Day 192: The Monkees - Pisces, Aquarius, Capricorn & Jones Ltd.
My source of knowledge about the Monkees is pretty much exclusively that Simpsons episode where Marge explains her childhood Monkees-related childhood trauma of finding out that the Monkees don’t write their own songs and they don’t even play their own instruments. I also have picked up from somewhere a belief that they’re sort of like the weenier cousins of the Beatles, but I don’t know, I haven’t really listened to them. Today’s album is their fourth release, Pisces, Aquarius, Capricorn & Jones Ltd., as I need to plug up this hole in my music knowledge.

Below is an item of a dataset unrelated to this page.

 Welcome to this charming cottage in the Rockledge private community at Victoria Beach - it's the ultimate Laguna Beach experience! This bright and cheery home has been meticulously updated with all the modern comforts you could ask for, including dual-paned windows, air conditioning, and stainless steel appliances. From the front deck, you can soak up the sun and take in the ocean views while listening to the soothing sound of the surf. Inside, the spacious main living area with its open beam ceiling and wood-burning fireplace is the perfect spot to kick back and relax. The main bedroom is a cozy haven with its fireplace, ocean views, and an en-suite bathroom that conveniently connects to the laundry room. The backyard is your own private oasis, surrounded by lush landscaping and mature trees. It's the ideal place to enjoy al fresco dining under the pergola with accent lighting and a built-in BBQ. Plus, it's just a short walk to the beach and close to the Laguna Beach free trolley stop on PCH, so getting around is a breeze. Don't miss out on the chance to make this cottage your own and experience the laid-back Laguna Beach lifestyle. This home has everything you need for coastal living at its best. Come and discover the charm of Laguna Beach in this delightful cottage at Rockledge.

Album cover courtesy of Colgems Records
The band was originally formed for a sitcom of the same name, of a rock band comprised of four guys who are struggling to find success in Los Angeles. They’ve restored and uploaded some episodes to their YouTube channel and having watched one, it seems fine. I’d watch more and could probably be fairly entertained, but considering that I think television peaked at Baywatch, that’s not saying much. The members were found though an ad in the Hollywood Reporter, asking for guys to come audition:
Madness!! Auditions. Folk & Roll Musicians-Singers for acting roles in new TV series. Running parts for 4 insane boys, age 17–21. Want spirited Ben Frank's-types. Have courage to work. Must come down for interview.

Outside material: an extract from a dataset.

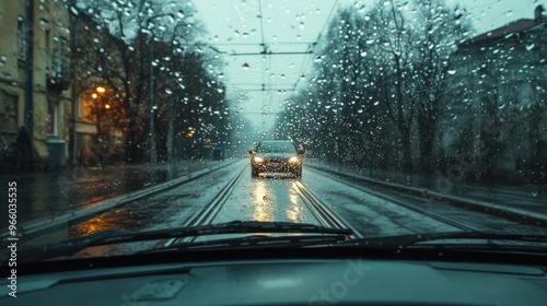Driving in Rain: Wet Road and Tramway Tracks with Raindrops on Windshield

The show ran for two seasons and they recorded albums to go with the show, but members Micky Dolenz, Davy Jones, Michael Nesmith, and Peter Tork started to crave larger amounts of creative control in the musical process, as they didn’t have say in the songwriting and their parts were secretly recorded by session musicians in the Wrecking Crew. It all came to a head when Nesmith was frustrated and blew the whistle in an interview:
Tell the world that we’re synthetic because, damn it, we are. Tell them the Monkees were wholly man-made overnight; that millions of dollars have been poured into this thing. Tell the world we don’t record our own music.
First of all, I don’t understand how people were surprised that members in a sitcom band didn’t write the songs on the show. Next you’re going to tell me they didn’t even write their own lines! Man alive, were people really that gullible? Considering everything that’s going on in the world, I’m assuming the answer is yes, but still. It’s as if there’d be an outcry in 2008 when young men of the world found out that Megan Fox isn’t really a mechanic.

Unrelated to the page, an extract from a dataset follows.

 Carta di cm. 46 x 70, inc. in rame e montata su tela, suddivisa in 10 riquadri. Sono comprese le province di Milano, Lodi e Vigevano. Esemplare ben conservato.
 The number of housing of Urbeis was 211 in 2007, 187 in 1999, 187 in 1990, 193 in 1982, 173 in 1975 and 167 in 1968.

I do pretty much stand by my original assumption that the Monkees are the less worldly cousins of the Beatles. I’m not saying that the songs are bad, it’s perfectly passable background music and I am tempted to like them more after finding out that they were under FBI investigation for having anti-war messages on stage that the feds considered to be dangerous leftie political intervention, but even that isn’t enough to reel me in. I can’t even find the interest to yammer about it – reader, it was fine.
The Monkees sounds like what it is: a corporate boy band that’s not there to make high art, but just commercially appealing mass pop. Pleasant but soulless, it’s a 6.5/10.